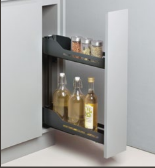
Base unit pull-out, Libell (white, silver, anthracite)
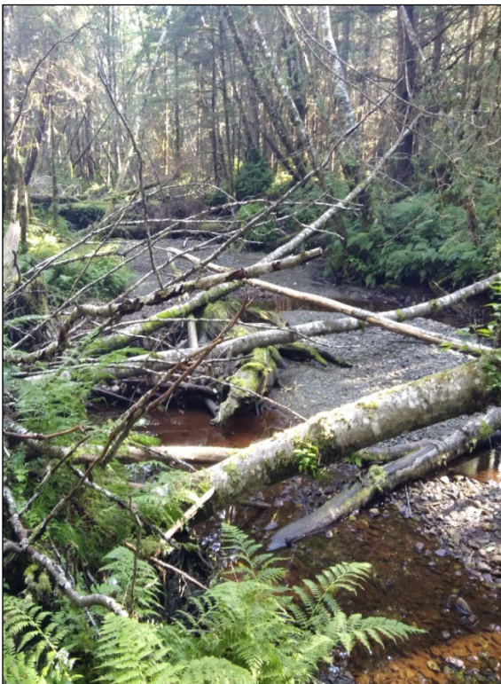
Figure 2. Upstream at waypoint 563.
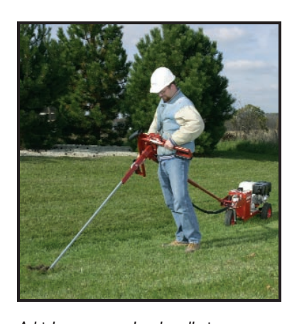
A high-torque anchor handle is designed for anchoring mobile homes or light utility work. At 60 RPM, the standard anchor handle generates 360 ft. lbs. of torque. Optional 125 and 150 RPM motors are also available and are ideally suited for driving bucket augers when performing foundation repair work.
________________
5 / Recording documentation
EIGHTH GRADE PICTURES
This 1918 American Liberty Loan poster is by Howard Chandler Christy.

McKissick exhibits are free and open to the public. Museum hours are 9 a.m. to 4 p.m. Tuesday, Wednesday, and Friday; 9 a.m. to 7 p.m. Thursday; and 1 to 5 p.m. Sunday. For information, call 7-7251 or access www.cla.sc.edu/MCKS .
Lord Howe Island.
________________
[TASK DIRECTIONS] Only one part of the listing is wanted: the lines from the one containing "Base unit pull-out, Libell" through the one containing "A high-torque anchor", both included. Please transcribe it exactly, leaving out the pictures.

[RESPONSE]
Base unit pull-out, Libell (white, silver, anthracite)
Figure 2. Upstream at waypoint 563.
A high-torque anchor handle is designed for anchoring mobile homes or light utility work. At 60 RPM, the standard anchor handle generates 360 ft. lbs. of torque. Optional 125 and 150 RPM motors are also available and are ideally suited for driving bucket augers when performing foundation repair work.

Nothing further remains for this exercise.